Varanasi is a big market, catering to the markets across the India as well as abroad. The concept of Gaddi is basically about distribution the shops. A Gaddi translates to ‘seat’ in English.

Gaddis is a colloquial/local/social term that is used across many parts of North, East and even Central India, in many businesses. It’s kind of having ‘seat’ of something in your possession – say of business transaction here. So, there may be seats of quilt businesses, of jewellery, of even paan (betel), and so on.

A Gaddi is a seat of central prominence in the circle of stakeholders localised in a particular area and is held by its owner, the businessman, the Gaddidar. Basically, he is a kind of facilitator, a trader, who ensures the product flows to the market from the manufacturer.

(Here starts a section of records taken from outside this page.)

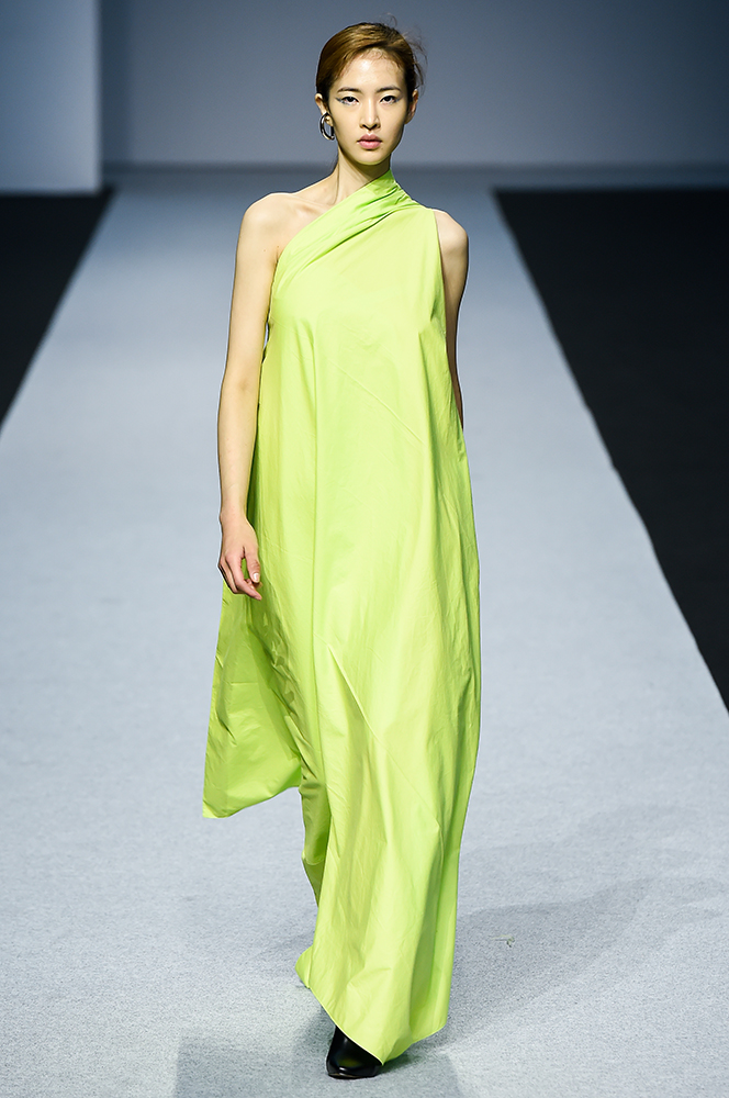 노케는 이번 컬렉션에 절제된 몇 가지 색만을 사용했지만 스타일은 다양해졌다. 최대한 간결하게 만든 라펠이 달린 베이지색 바지 정장은 무릎 아래쪽을 절개해 봄날의 가벼운 기운이 느껴졌다. 종이접기처럼 재단한 비대칭 소매의 연녹색 상의와 드레스는 연이어 등장한 광택 있는 검정 펜슬 팬츠와 부드럽게 어울렸다.
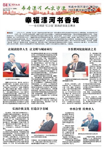 4月21日上午,全民阅读“红沙发”高端访谈在书香中国万里行·漯河站暨2018漯河全民读者节活动启动仪式上精彩亮相。此次高端访谈分四个环节。第一个环节是对话高层领导,邀请中共漯河市委书记蒿慧杰,中国新闻出版传媒集团总经理、中国全民阅读媒体联盟秘书长李忠,市政协党组副书记、市文化旅游发展工作领导小组常务副组长张社魁重点围绕全民阅读、书香城市建设、公共文化服务、汉字文化名城建设等进行对话,并回答现场记者提问。第二个环节是对话文化名人,邀请漯河职业技术学院党委书记顾文明、漯河市中心医院院长王海蛟、漯河第一高级中学校长王海东分享漯河文化、书香机关和书香校园建设的经验。第三个环节是对话城市文化与建设,邀请漯河市沙澧河建设管理委员会主任郭新增、河南昌建地产集团有限公司董事长赵建生分享城市建设与文化、阅读元素的融合,并就提升城市建设层次、打造书香漯河的实践回答现场记者提问。第四个环节是对话书香家庭、忠实读者,邀请第二届全国“书香之家”获得者王学儒,忠实读者代表、舞阳县第三实验小学教师梅丹丽围绕阅读如何提升人生格局、如何成风化人凝心聚力、同心共筑中华民族伟大复兴的中国梦,讲述自己的阅读故事及对于阅读的真切感受。本报将十位受访嘉宾的发言摘要刊发,以飨读者。
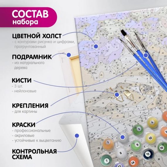 В набор входят: Холст из натурального хлопка на деревянном подрамнике Нейлоновые деревянные кисти разного размера: 2 шт. Профессиональные акриловые краски, устойчивые к выцветанию: 22 цв.
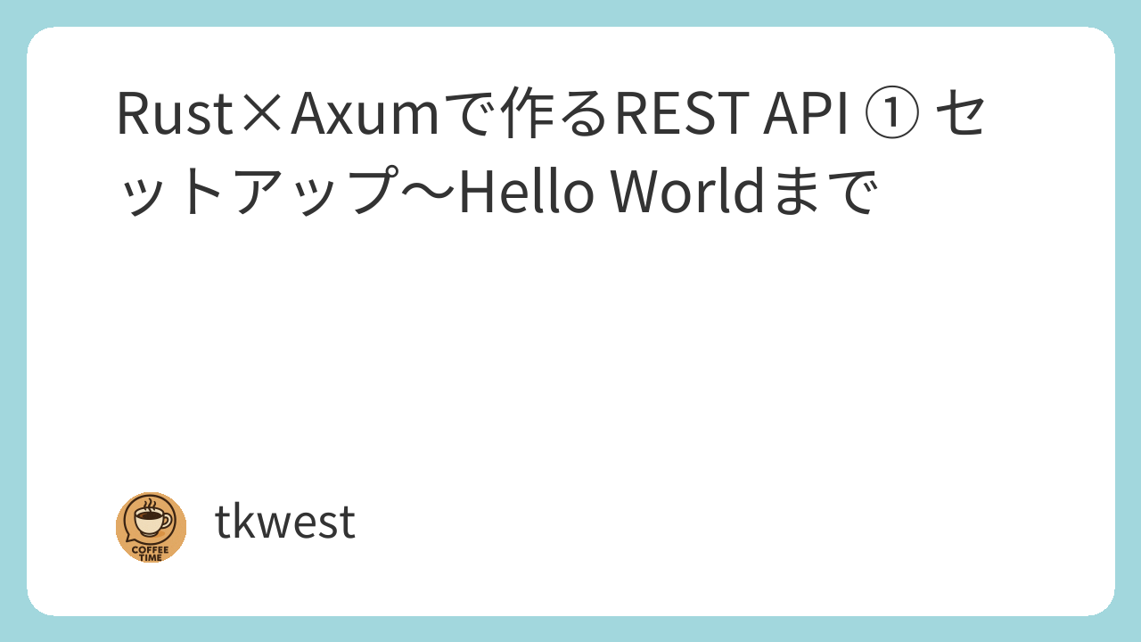 - 第1回(本記事):Rust Axum セットアップ〜Hello Worldまで
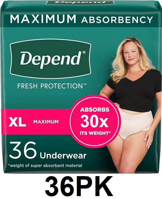 36pk women's depend fresh protection adult disposable underwear - xl - pink
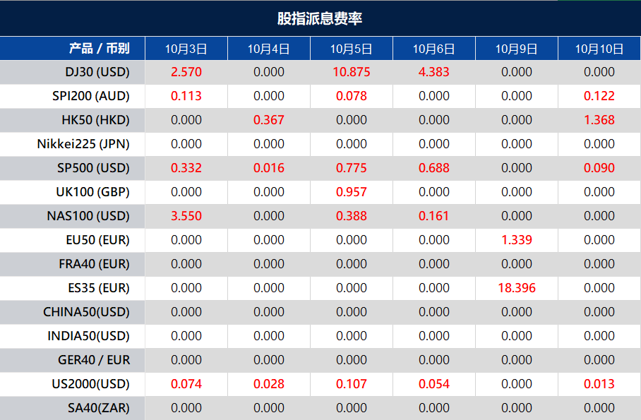 VT Markets 當周 (10月03日 至 10月10日)隔夜倉息變化因此受到影響,具體調整內容如下:
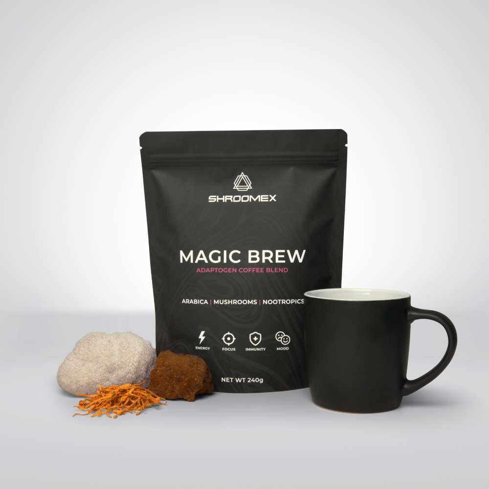 Magic Brew is a high-performance coffee blend made with Colombian Arabica plus 6 functional mushroom & adaptogen extracts: Lion’s Mane, Cordyceps, Chaga, Rhodiola, Ashwagandha and Ginseng.
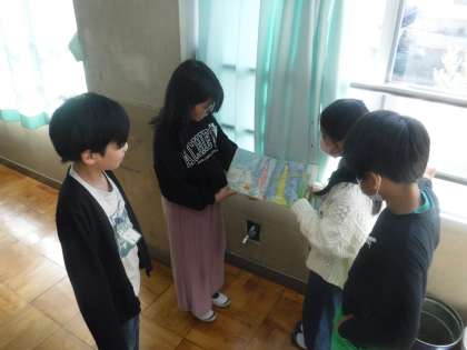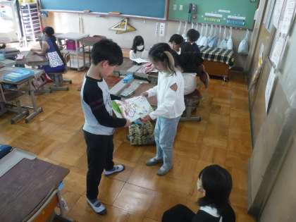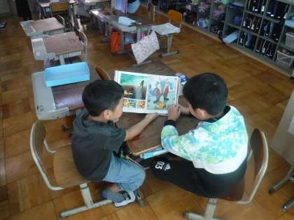 国語の学習で決めた本を、1年生に読んでもらうために練習をしています。
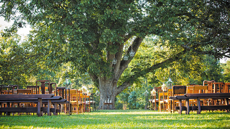 Emily always had her heart set on getting married under a big, beautiful tree. So we found one! We'll be exchanging vows beneath this ancient pecan tree at Vinewood. Known as "The Wedding Tree," it sits in front of acres of rolling pastures behind the historic plantation home.
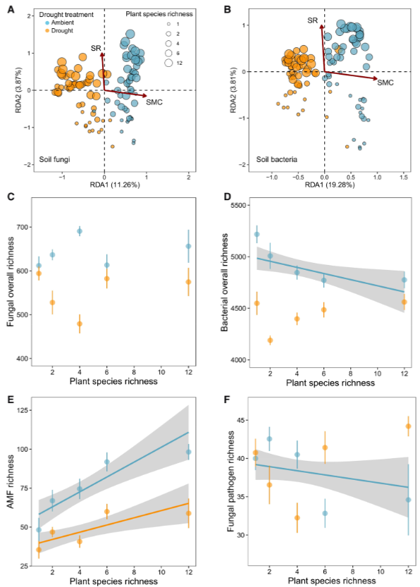 研究发现(图2-3):(i)干旱降低了细菌和真菌的丰富度,并改变了植物物种丰富度和微生物群之间的关系;(ii)干旱土壤遗留效应增加了生物多样性净效应,但生物多样性净效应对植物物种丰富度的响应不受影响;(iii)植物物种丰富度和互补性/选择效应之间的联系因过去和随后的干旱而不同。本研究结果为在不断变化的环境中生物多样性与生产力的关系提供了机制上的见解,并对气候变化下生态系统功能的稳定性产生了影响。
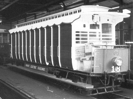 Car No.18, post 1987/88 repaint during 1992 undergoing rectification to return to traffic in the Derby Castle Bottom Shed. © Alan Spencer
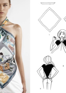 - The scarf is like a top. Scarves made of light materials are suitable. Everything is simple - wrapped and tied with a bow on the back.
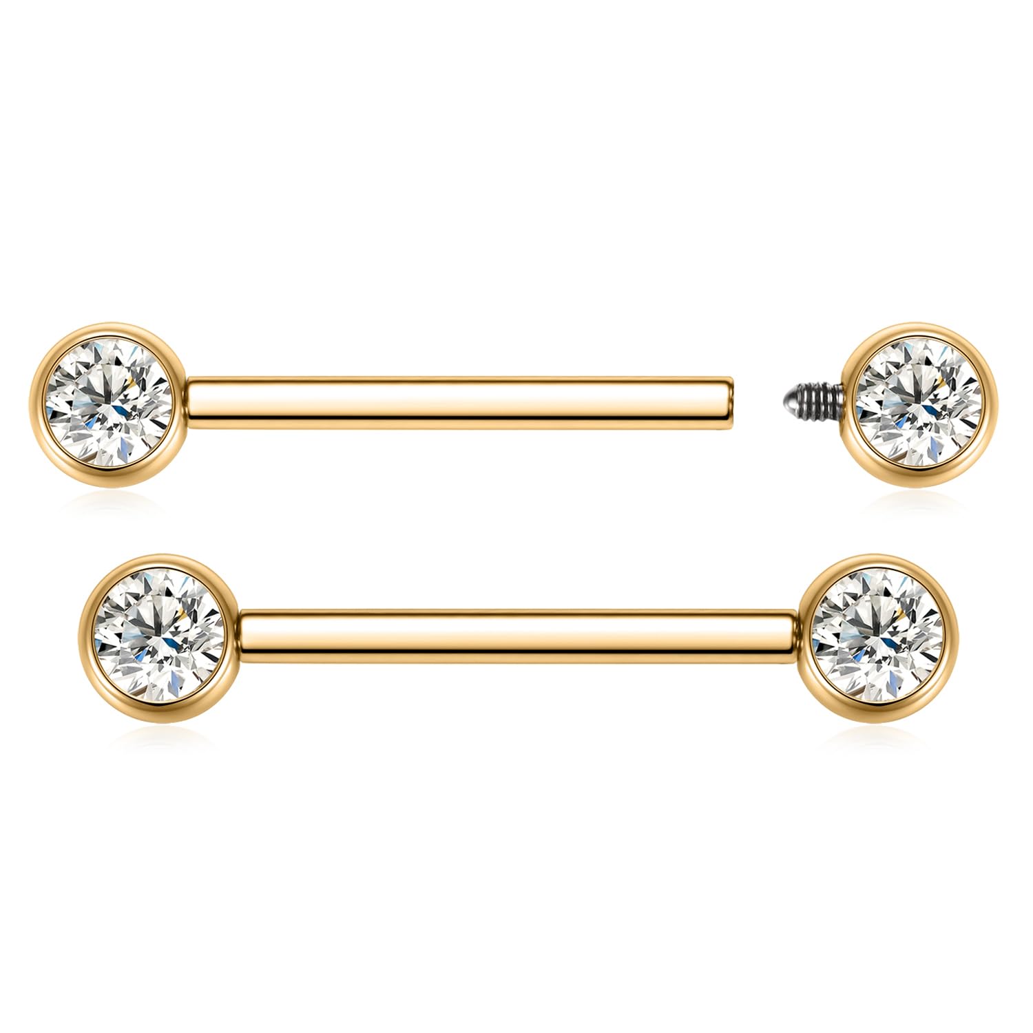 Size and Color: Gauge: 16 G=1.4 mm, Nipple Barbell Length: 11/16"(18mm). CZ Size: 5mm. Color: Gold+Clear CZ
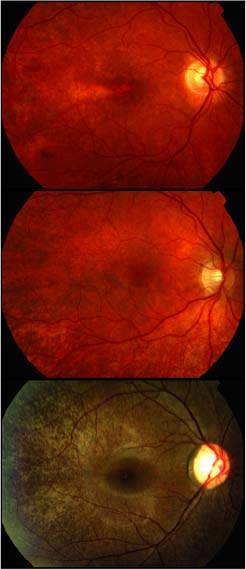 Figure 4. Choroidermia carrier with RPE mottling (top), ocular albinism carrier with radially oriented mosaic RPE hypopigmentation (middle), X-linked recessive RP carrier with a tapeto-like retinal sheen (bottom). X-linked heterozygous carriers are important to diagnose correctly, but fundus distinctions may be subtle.
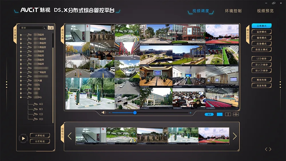 助力“安全校園”建設,提升學校區域治安綜合防控能力,AVCiT魅視分布式綜合管控系統“多元獲取、整編融合”功能,“一個界面”實現安保與音視頻統一調度管理,形成以“校園安保部門”為中樞,學工、后勤等各相關部門協同聯動,高效響應校園突發事件,提高應急處置能力和效率。
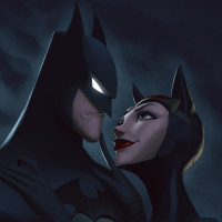 The image depicts two characters that are recognized as Batman and Catwoman from the DC
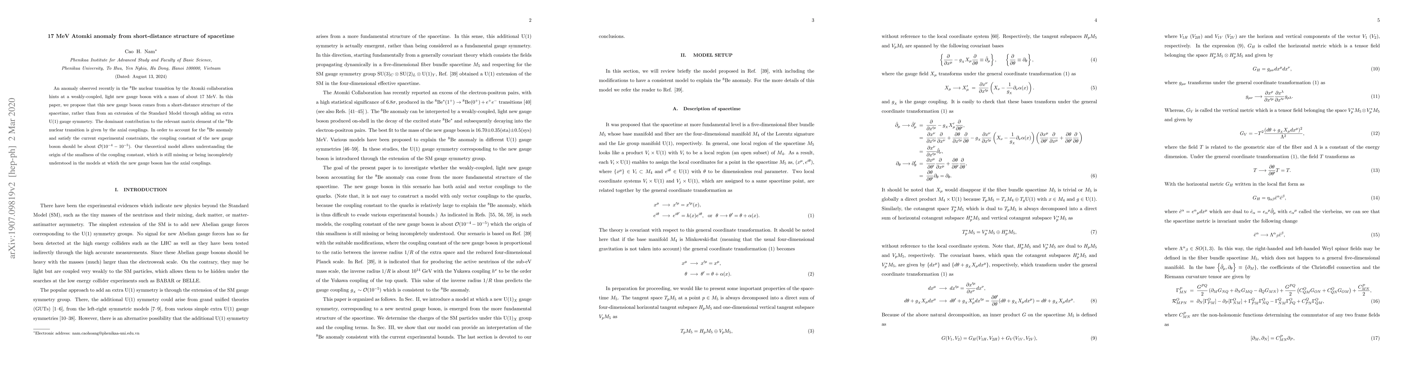 A new gauge boson with a mass of 17 MeV is proposed to explain a recent nuclear transition anomaly, suggesting a short-distance structure of spacetime rather than an extension of the Standard Model.
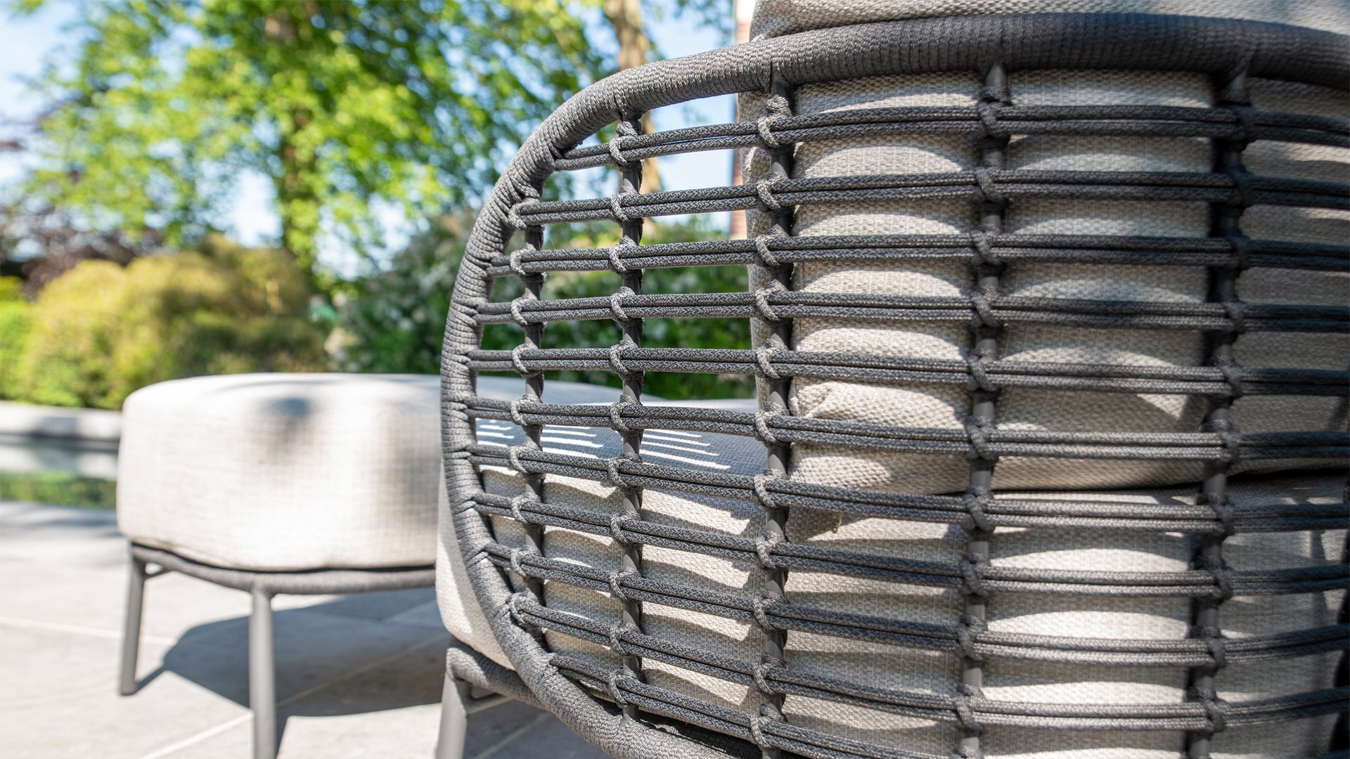 Dieses wunderschöne Material eignet sich perfekt für den Außenbereich, denn Rope ist nicht nur eine normale Spitze, an der Sie Ihre Schuhe binden können. Unsere runden Fäden sind mit einem Kunststoffkern versehen. Diese Basis aus Polypropylen sorgt dafür, dass sich das Rope minimal dehnt und sie nimmt außerdem keine Feuchtigkeit auf. Die Umhüllung besteht aus Acrylstoff, der mit dem wetterfesten Stoff unserer Gartenkissen vergleichbar ist. Diese Umhüllung fühlt sich weich an und ist sehr wasserabweisend, UV-beständig und farbecht. Die flachen Rope-Varianten besitzen den gleichen wetterfesten Materialmix, doch das Polypropylen-Material wurde hier mit dem Acryl-Stoff verwebt. Durch diese Technik besitzt das flache Rope die gleichen Eigenschaften, hat jedoch eine ganz andere Ausstrahlung.

They are like small aggregators who sell either to shops or to big aggregators. We can say Gaddidars are equivalent to the local wholesale traders. Though there are no specifics, there should be around 2000 Gaddis in a city like Varanasi.

They work as intermediaries between weavers and the middlemen transacting business for weavers and big traders, i.e., stores, showrooms, handloom houses, design boutiques, big textile conglomerates, big wholesale traders and so on.

Then there are some very big businesses/export houses, in fact aggregators, including some Muslims. And again, most of them only distribute the product, in reaching to the scattered domesitc and overseas markets.

The flow is like:

From Sardars (the community leaders of weavers) – to the aggregators/Gaddidars (Hindus as well also Muslims) – to the big aggregators/export houses/distributors (Hindus and Muslims).

It all depends on how we define aggregators.

From a weaver to the prospective buyer, these all act in some way as middlemen, eating into the real worth of a product – the huge difference – in what a weaver gets – and on the price the product is sold in the market.